TASK DIRECTIONS => Reproduce exactly the lines of this material that begin at the line with "SPICE) 를 쓴다." and end at the line with "Frumos înfăşător pentru", both included. Omit the pictures and everything else.

(AVAILABLE DATA begins)

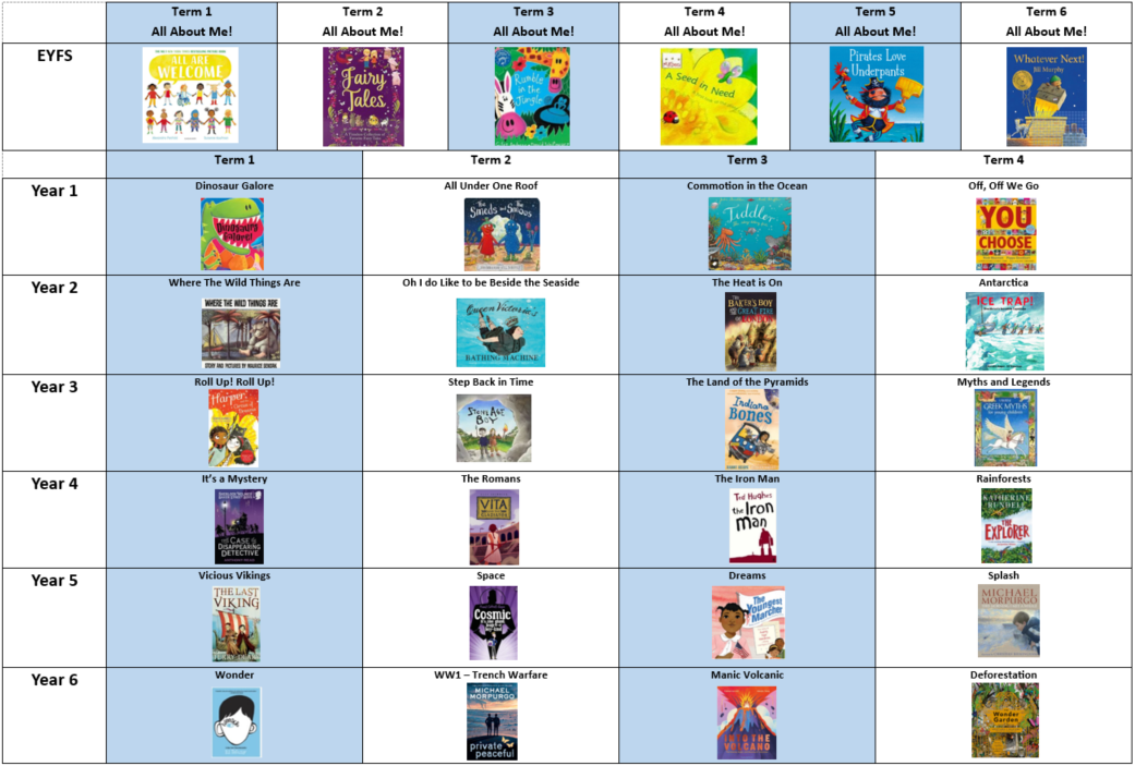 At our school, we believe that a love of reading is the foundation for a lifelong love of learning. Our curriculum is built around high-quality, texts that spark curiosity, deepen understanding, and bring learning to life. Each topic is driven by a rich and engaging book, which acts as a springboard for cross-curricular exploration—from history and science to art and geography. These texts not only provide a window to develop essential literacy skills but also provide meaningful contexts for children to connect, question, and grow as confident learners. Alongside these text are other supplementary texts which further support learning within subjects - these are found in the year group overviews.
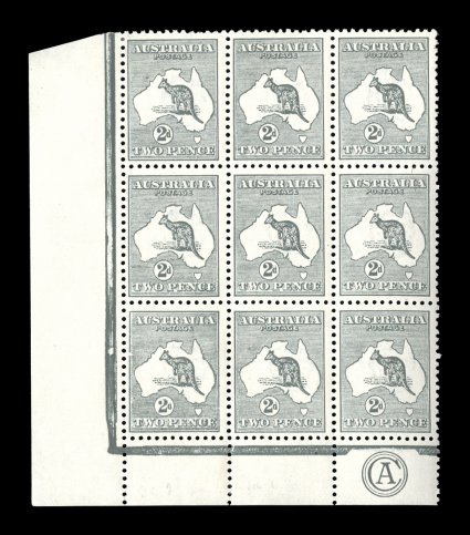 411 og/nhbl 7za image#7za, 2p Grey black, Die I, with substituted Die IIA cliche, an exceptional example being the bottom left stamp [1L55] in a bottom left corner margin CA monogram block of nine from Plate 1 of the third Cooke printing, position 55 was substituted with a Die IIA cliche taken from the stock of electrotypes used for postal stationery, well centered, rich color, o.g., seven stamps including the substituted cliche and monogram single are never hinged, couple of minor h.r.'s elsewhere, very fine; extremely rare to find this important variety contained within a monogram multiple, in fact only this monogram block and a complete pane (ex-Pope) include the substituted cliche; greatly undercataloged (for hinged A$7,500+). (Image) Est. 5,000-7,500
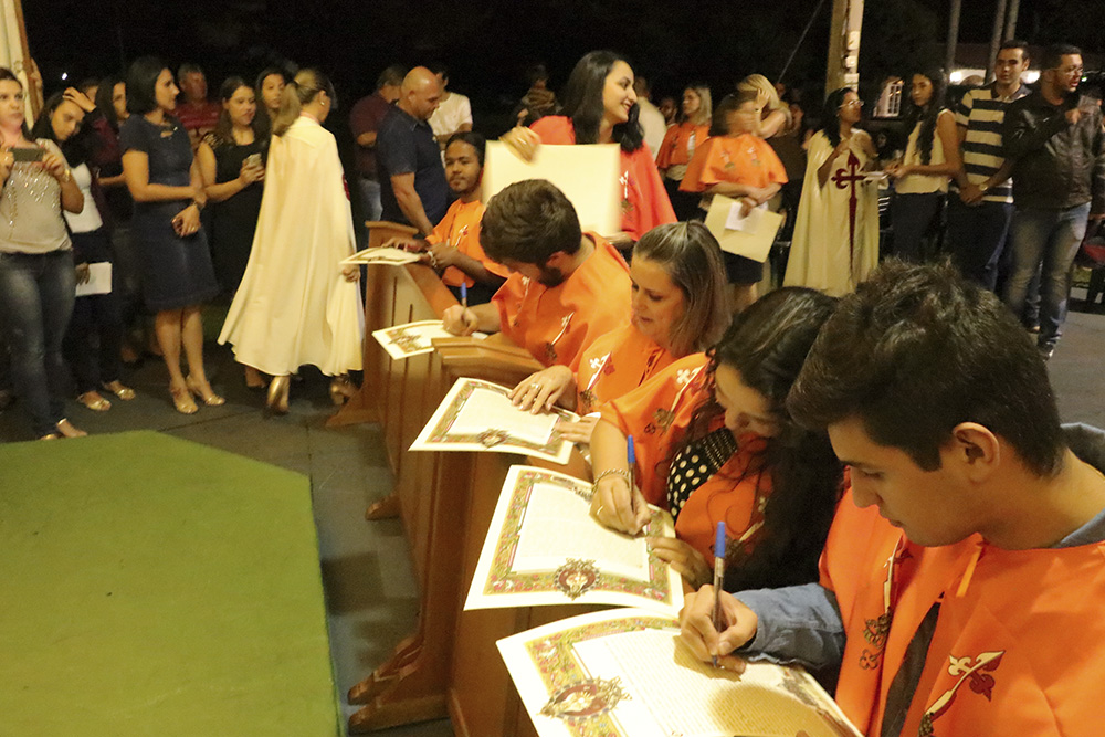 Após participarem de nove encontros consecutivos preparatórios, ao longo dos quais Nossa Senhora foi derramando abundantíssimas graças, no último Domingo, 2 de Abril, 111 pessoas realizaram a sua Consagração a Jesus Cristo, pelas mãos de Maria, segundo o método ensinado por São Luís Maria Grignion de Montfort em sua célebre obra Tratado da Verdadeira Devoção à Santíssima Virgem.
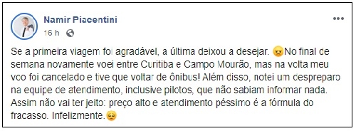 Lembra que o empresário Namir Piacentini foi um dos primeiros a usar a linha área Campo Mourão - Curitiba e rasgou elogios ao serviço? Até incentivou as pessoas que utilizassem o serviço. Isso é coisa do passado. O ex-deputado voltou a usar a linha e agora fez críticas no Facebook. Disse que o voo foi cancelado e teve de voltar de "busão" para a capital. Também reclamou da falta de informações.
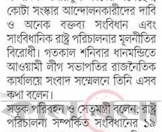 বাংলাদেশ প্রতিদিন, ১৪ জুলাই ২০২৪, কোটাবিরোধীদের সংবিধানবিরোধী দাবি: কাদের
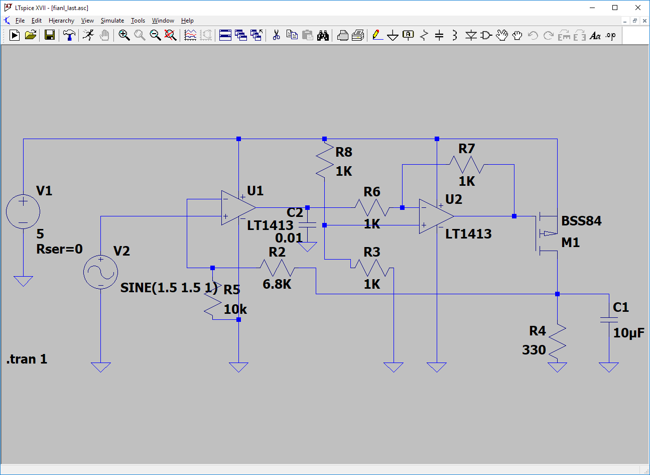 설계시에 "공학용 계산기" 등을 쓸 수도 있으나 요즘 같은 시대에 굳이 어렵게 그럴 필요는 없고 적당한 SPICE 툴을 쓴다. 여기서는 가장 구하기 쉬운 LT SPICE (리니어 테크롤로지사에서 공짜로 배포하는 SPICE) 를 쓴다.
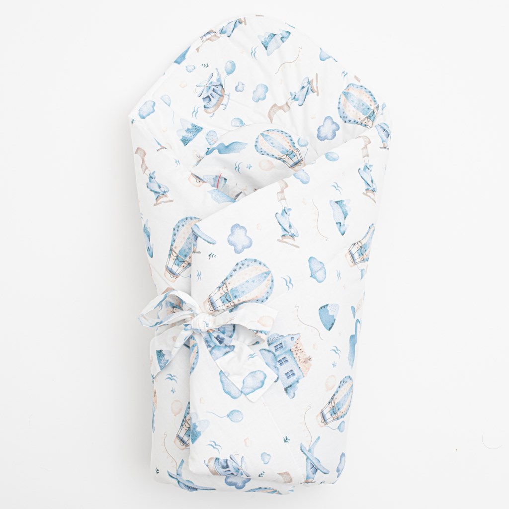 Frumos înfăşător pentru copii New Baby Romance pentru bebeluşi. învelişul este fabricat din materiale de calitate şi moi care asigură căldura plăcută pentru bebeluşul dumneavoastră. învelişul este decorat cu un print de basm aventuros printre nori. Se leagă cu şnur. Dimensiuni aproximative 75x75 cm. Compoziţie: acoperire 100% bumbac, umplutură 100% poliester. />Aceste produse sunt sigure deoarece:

(AVAILABLE DATA ends)
(AVAILABLE DATA begins)

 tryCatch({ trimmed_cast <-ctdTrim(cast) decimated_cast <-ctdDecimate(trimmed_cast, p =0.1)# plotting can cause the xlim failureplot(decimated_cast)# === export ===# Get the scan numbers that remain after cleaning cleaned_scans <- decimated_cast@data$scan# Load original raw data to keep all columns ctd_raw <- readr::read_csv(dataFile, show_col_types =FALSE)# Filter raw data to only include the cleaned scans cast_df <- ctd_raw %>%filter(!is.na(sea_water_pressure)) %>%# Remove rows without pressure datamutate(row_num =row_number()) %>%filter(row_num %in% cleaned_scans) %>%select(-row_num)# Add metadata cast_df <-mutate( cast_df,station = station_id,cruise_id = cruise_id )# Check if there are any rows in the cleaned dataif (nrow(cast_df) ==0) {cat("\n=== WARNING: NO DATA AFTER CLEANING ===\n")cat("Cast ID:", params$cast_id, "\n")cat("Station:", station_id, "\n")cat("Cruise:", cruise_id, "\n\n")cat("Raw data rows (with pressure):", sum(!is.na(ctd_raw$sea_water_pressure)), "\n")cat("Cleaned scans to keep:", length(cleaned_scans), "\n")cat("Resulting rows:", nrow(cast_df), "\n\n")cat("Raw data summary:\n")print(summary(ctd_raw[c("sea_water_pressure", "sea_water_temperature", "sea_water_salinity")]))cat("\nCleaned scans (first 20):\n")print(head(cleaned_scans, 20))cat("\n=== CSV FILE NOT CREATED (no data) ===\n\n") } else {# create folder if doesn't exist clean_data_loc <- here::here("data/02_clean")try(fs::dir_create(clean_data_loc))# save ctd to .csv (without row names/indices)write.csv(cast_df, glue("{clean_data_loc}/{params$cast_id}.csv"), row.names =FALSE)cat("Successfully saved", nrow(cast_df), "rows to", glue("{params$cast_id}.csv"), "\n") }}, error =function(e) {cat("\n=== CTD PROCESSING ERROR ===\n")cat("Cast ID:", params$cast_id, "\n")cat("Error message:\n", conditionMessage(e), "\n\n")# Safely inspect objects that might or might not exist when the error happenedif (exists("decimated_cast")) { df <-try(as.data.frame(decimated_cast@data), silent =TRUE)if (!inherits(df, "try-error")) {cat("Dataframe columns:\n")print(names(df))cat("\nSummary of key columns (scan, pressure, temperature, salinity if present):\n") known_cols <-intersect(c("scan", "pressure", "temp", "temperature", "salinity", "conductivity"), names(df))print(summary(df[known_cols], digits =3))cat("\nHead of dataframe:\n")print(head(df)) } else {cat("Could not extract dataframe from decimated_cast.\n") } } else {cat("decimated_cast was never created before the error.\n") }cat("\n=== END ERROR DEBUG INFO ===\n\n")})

(AVAILABLE DATA ends)
(AVAILABLE DATA begins)

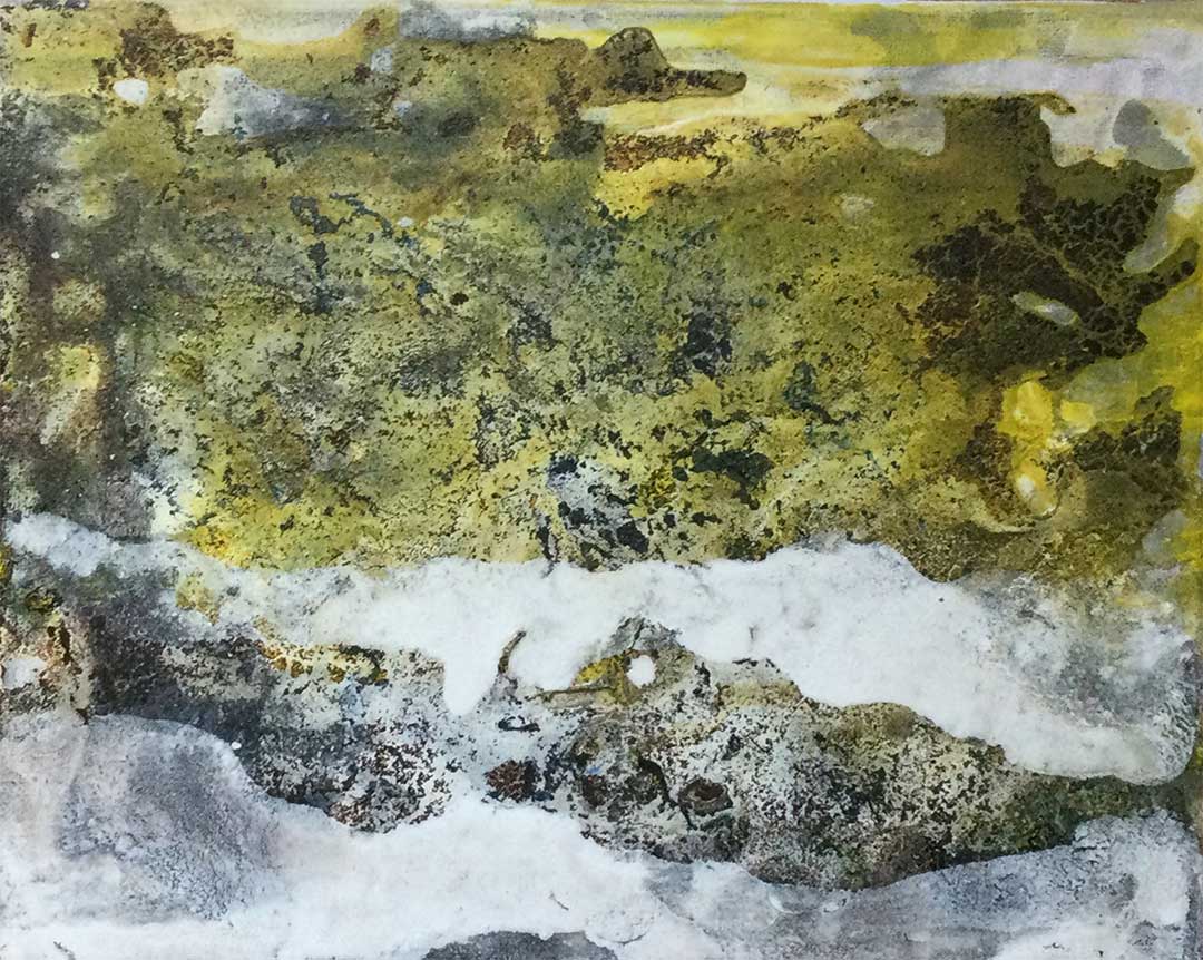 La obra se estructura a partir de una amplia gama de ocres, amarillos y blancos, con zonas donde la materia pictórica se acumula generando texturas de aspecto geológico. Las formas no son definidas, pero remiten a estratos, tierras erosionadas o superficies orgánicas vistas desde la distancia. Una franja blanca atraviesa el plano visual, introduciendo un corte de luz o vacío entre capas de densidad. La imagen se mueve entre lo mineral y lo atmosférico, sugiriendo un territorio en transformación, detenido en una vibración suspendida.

(AVAILABLE DATA ends)

YOUR SOLUTION =>
 설계시에 "공학용 계산기" 등을 쓸 수도 있으나 요즘 같은 시대에 굳이 어렵게 그럴 필요는 없고 적당한 SPICE 툴을 쓴다. 여기서는 가장 구하기 쉬운 LT SPICE (리니어 테크롤로지사에서 공짜로 배포하는 SPICE) 를 쓴다.
 Frumos înfăşător pentru copii New Baby Romance pentru bebeluşi. învelişul este fabricat din materiale de calitate şi moi care asigură căldura plăcută pentru bebeluşul dumneavoastră. învelişul este decorat cu un print de basm aventuros printre nori. Se leagă cu şnur. Dimensiuni aproximative 75x75 cm. Compoziţie: acoperire 100% bumbac, umplutură 100% poliester. />Aceste produse sunt sigure deoarece:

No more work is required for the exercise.